Thema:
Re:Und was ist Deine Lösung? Nix tun? -nt flat
Autor: token
Datum:15.05.20 20:36
Antwort auf:Re:Und was ist Deine Lösung? Nix tun? -nt von Atlan

Naja, diese Täter-Bühne-Argumentation ist schon so oft iteriert worden dass sie mittlerweile Baukastenformat hat, wo es im Grunde in jedem Kontext gezündet wird, wo etwas angeprangert wird, oder etwas das totgeschwiegen wird mal kurz am Schopf aus dem Sumpf gezogen wird.
Um mal beim Thema zu bleiben, es gibt jedenfalls eine bemerkenswerte Diskrepanz.
Es dürfte wohl keinen Straftatbestand geben von dem mehr Menschen betroffen sind als den hier in diversen Facetten illustrierten. Ich kenne auch selbst unglaublich viele Fälle, und da sind sicher noch sehr viel mehr, weil das ist ein Thema über das nur gesprochen wird wenn ein Vertrauensverhältnis vorliegt. Ich halte anhand der erschlagenden Vielzahl, und damit meine ich, ich kenne exakt Null Frauen die diesbezüglich nichts zu erzählen hätten wenn darauf angesprochen und man eine Form von Offenheit in der Beziehung pflegt, die Schätzung 50% noch für eher konservativ.

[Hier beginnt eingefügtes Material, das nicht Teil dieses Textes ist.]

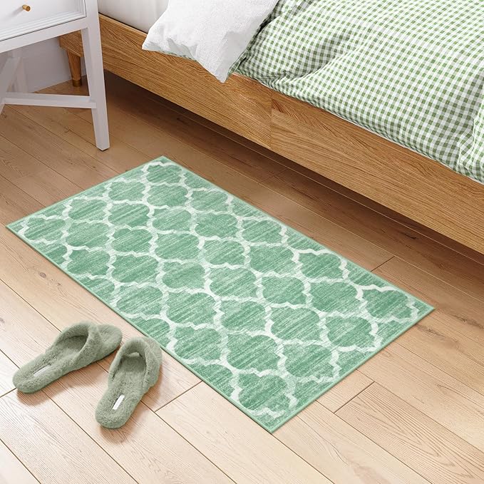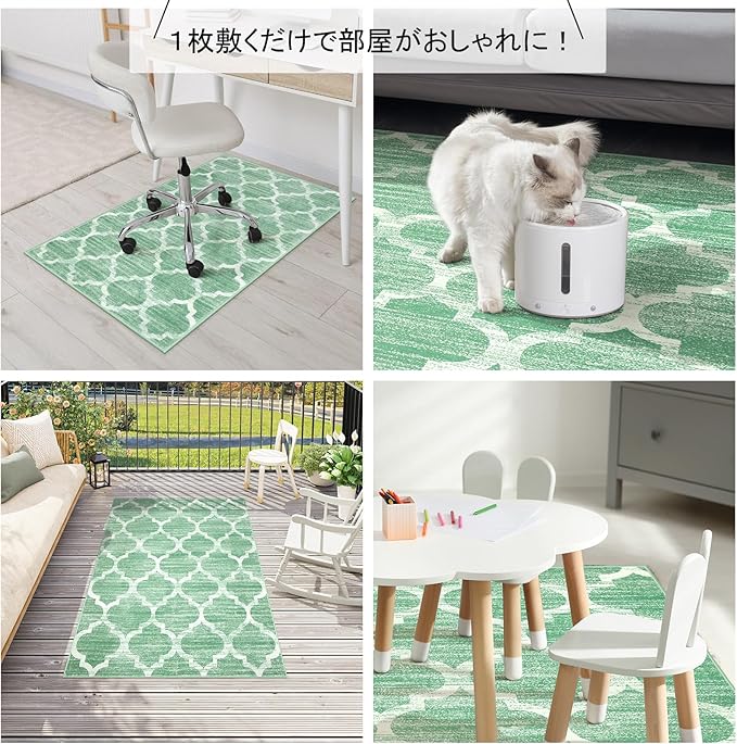 HAOCOO ラグマット 洗える 70х120cm 北欧 約1畳 ラグ オールシーズン適用 モロコシ柄 ふわふわ 滑り止め ホットカーペット対応 低反発 防音 抗菌防臭 リビング ダイニング ラグマット アンティーク ミントグーリン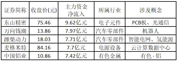 (注:创出近一年新高的涨停股,说明该股走出重要突破行情,值得重点关注。) 从主力资金来看,今日涨停板个股中,主力资金净流入金额排名前5的个股分别为东山精密、万向钱潮、潍柴动力、麦格米特、中国铝业。

Dennoch wird es totgeschwiegen. Selbst ich als Mann wurde fast als Kind missbraucht, und ich bin mir sicher, hier gibt es viele Maniacs die ähnliche Erfahrungen gemacht haben und diese für sich behalten, weil, nun ja, genau das ist das Problem. Und man ist es eben selbst der in so einer Lage erstmal Schuldgefühle entwickelt, in meinem Fall konnte ich das alles erst reflektieren als es verjährt war, und bis heute, obwohl der Vorfall 30 Jahre her ist und recht glimpflich ausging, frage ich mich, ob ich irgendwie schuld daran sein könnte wenn andere Menschen von dem Täter missbraucht wurden oder gar bis heute werden, was gar nicht unwahrscheinlich ist weil man damit im Regelfall unsanktioniert durchkommt. Ob das meine Schuld wäre weil ich vor Scham nichts gesagt hab. Wobei es, wenn ich was gesagt hätte, eh kaum Konsequenzen gegeben hätte.

Jetzt haben wir mal eine Situation wo es für 15 Minuten, "15 Minuten" mal angesprochen wird, etwas bei dem trotz aller medialer Sensationsheischerei so getan wird als existiere es nicht, obwohl absurd viele Menschen schon damit persönliche Erfahrungen gemacht haben.

Und so ein cleverer Mann wie du, und das meine ich komplett unironisch, sieht hier keinen Anlass ein Wort zum eigentlichen Thema zu verlieren und arbeitet sich lieber wegen einem 15-Minuten-Beitrag im gesellschaftlichen Diskussionsvakuum daran ab dass ein Maniac Hexe geschrieben hat, obwohl nach dem etwas reißerischen Header ein komplett bodenständiger und sachlicher Beitrag platziert wurde, und springt nach übertrieben pathetisch formulierter Nachdenklichkeit im vermeintlich ironischen Federkleid zu einer fulminanten Schelle über die im Grunde genau das darstellt was er einen Absatz zuvor kritisiert.

Der Beitrag als solcher mag ein tiny babystep gewesen, aber sicher keiner in die falsche Richtung. Wenn man hier mal für einen kurzen Augenblick einen Lichtkegel auf etwas wirft von dem die halbe Gesellschaft betroffen ist und das dennoch kaum thematisiert wird, dann ist die Bühnenargumentation in so einem Kontext tatsächlich ziemlich stumpf. Das soll eine Bühne sein? 15 Minuten auf Pro7? Bitch please!
Diese Argumentation mag so gestrickt sein dass sie über Ursache/Wirkung hinaus denkt, in so einem Kontext ist sie aufreizend bescheuert. Sorry, aber ich halte dieses Adjektiv für durchaus angemessen. Wo soll es denn schon mal sowas gegeben haben dass es eine Veränderung ohne Ansprache gab? Es gibt Probleme die man nicht aussitzen kann, und schon ein rebellisches Aufflackern der Ansprache als Problematik zu begreifen die problematischer und diskussionswürdiger als die dahinter stehende Botschaft dass das halt "Alltag" ist, ich sag mal so, was dich hier beschäftigt und worüber du nach eigener Aussage nachdenken möchtest macht auf eine bittere Weise äußerst transparent wie weit der Weg noch ist bis sich da mal etwas signifikant bessert.